Strain CCUG 47242T was isolated on blood agar at 37 °C during hygiene control checks at a starch-producing company in Sweden. Subcultivation was done on tryptone soy agar (TS agar; Oxoid) at 30 °C for 24 h. On this agar, strain CCUG 47242T was able to grow at 20–55 °C, but not at 10 or 60 °C. Growth at 30 °C was also observed on nutrient agar and R2A agar, but not on Salmonella–Shigella agar (SS agar; all media from Oxoid). Gram-staining was performed as described by Gerhardt et al. (1994). Cell morphology was observed under a Zeiss light microscope at x1000, using cells that had been grown for 24 h at 30 °C on TS agar. Details of cell morphology are given in the species description. The 16S rRNA gene sequence was analysed as described previously (Kämpfer et al., 2003). Analysis of the sequence data was performed by using MEGA version 2.1 (Kumar et al., 2001), after multiple alignment of sequences by CLUSTAL_X (Thompson et al., 1997). A distance-matrix method (distance options according to the Kimura two-parameter model) that used clustering with the neighbour-joining method (see Supplementary Fig. S1 in IJSEM Online), as well as a discrete character-based maximum-parsimony method (Supplementary Fig. S2 in IJSEM Online), were performed. In each case, bootstrap values were calculated based on 1000 replications. The 16S rRNA gene sequence of strain CCUG 47242T was a continuous stretch of 1486 bp. Sequence similarity calculations indicated that strain CCUG 47242T showed the greatest degree of similarity to ‘Paenibacillus hongkongensis’ HKU3 (GenBank accession no. AF433165; 96·58 %), which was described by Teng et al. (2003) (this name has not been validly published to date). Significantly lower sequence similarities (<94·5 %) were found with all other recognized species of the genus Paenibacillus.

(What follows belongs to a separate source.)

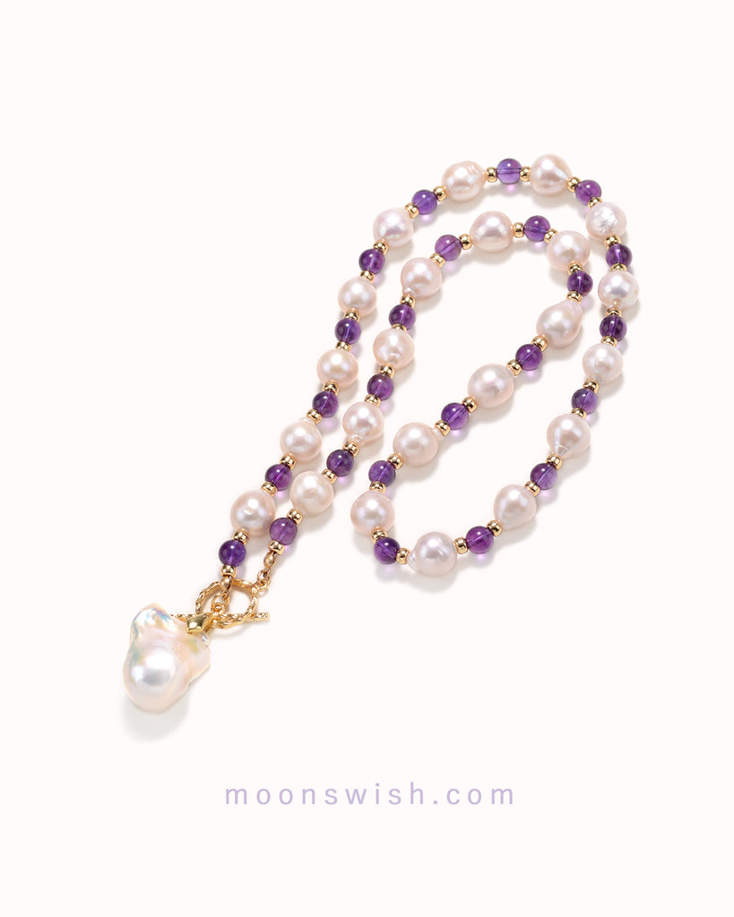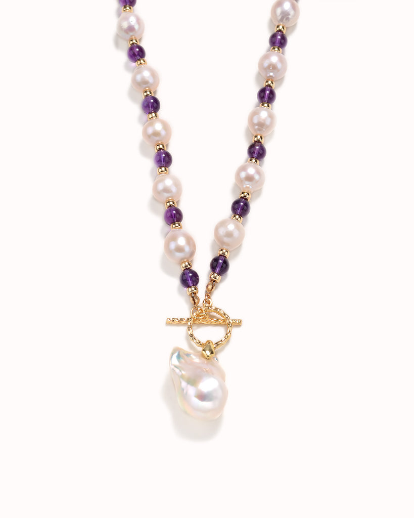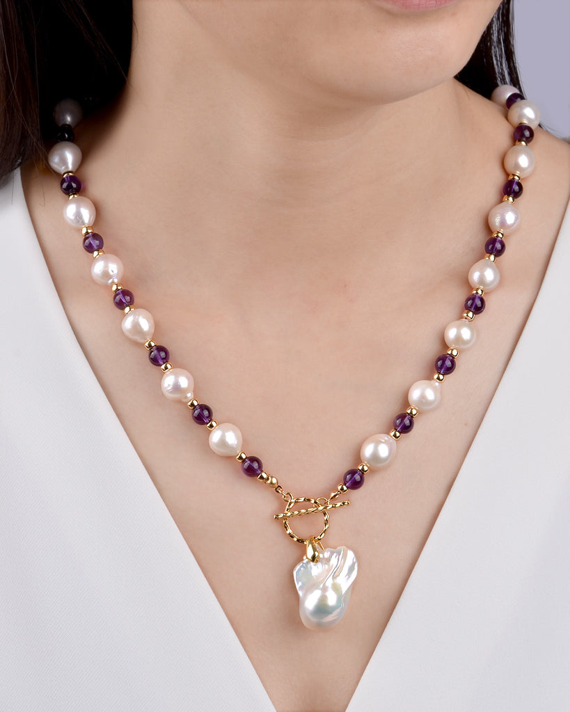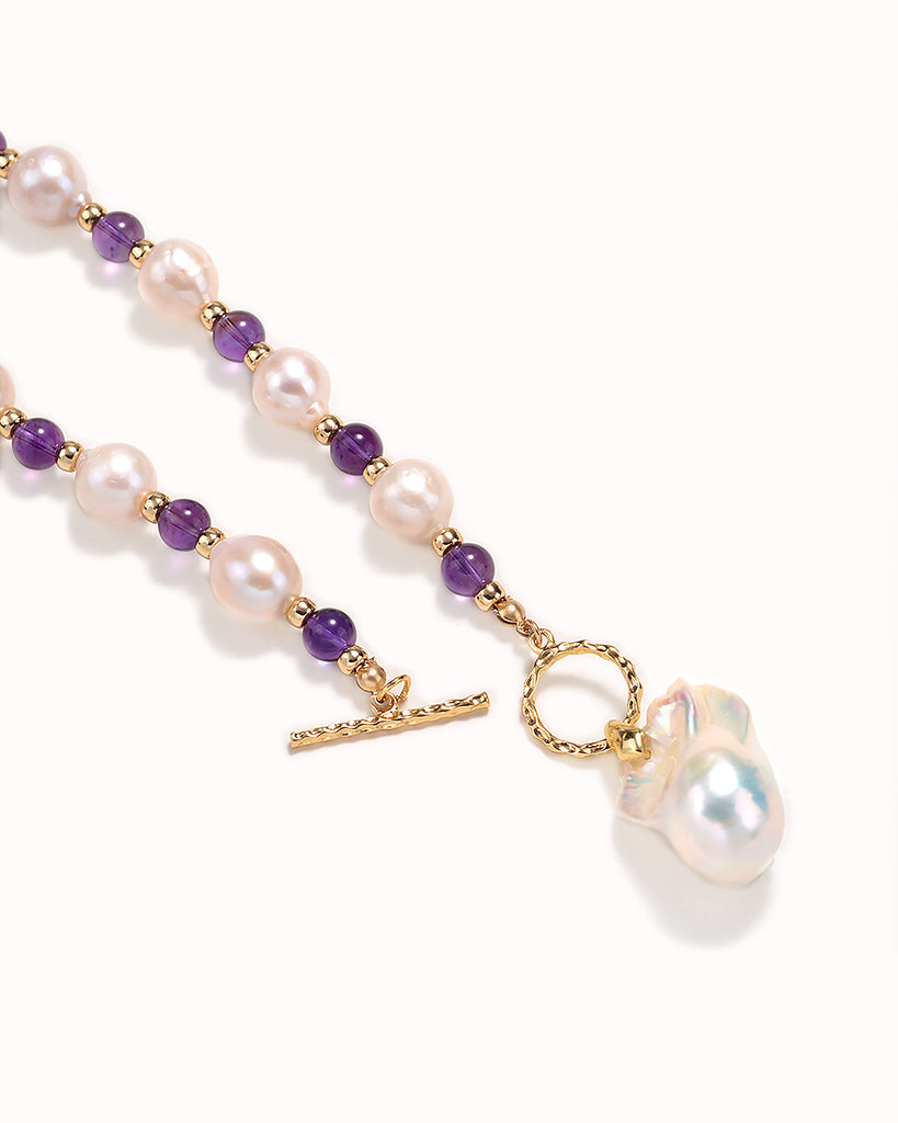 SIMONA - Amethyst & Baroque Pearl Necklace

Chemotaxonomic analyses were performed as follows: respiratory quinones (Tindall, 1990), polar lipids (Tindall, 1990) and fatty acids (Kämpfer & Kroppenstedt, 1996). Although respiratory quinones have low resolution within the bacilli, the presence of MK-7 supports the affiliation of strains CCUG 47242T and HKU3 to the genus Paenibacillus, where all species investigated to date have MK-7 as the major quinone. MK-7 represented 98 % of the quinones of strains CCUG 47242T and HKU3; in addition, small amounts of MK-6 (1 %) and MK-8 (1 %) were detected.
Strains CCUG 47242T and HKU3 displayed a complex polar lipid profile, which consisted of diphosphatidylglycerol, phosphatidylglycerol, phosphatidylethanolamine, lysyl-phosphatidylglycerol, two unknown phospholipids and four unknown aminophospholipids (Fig. 1).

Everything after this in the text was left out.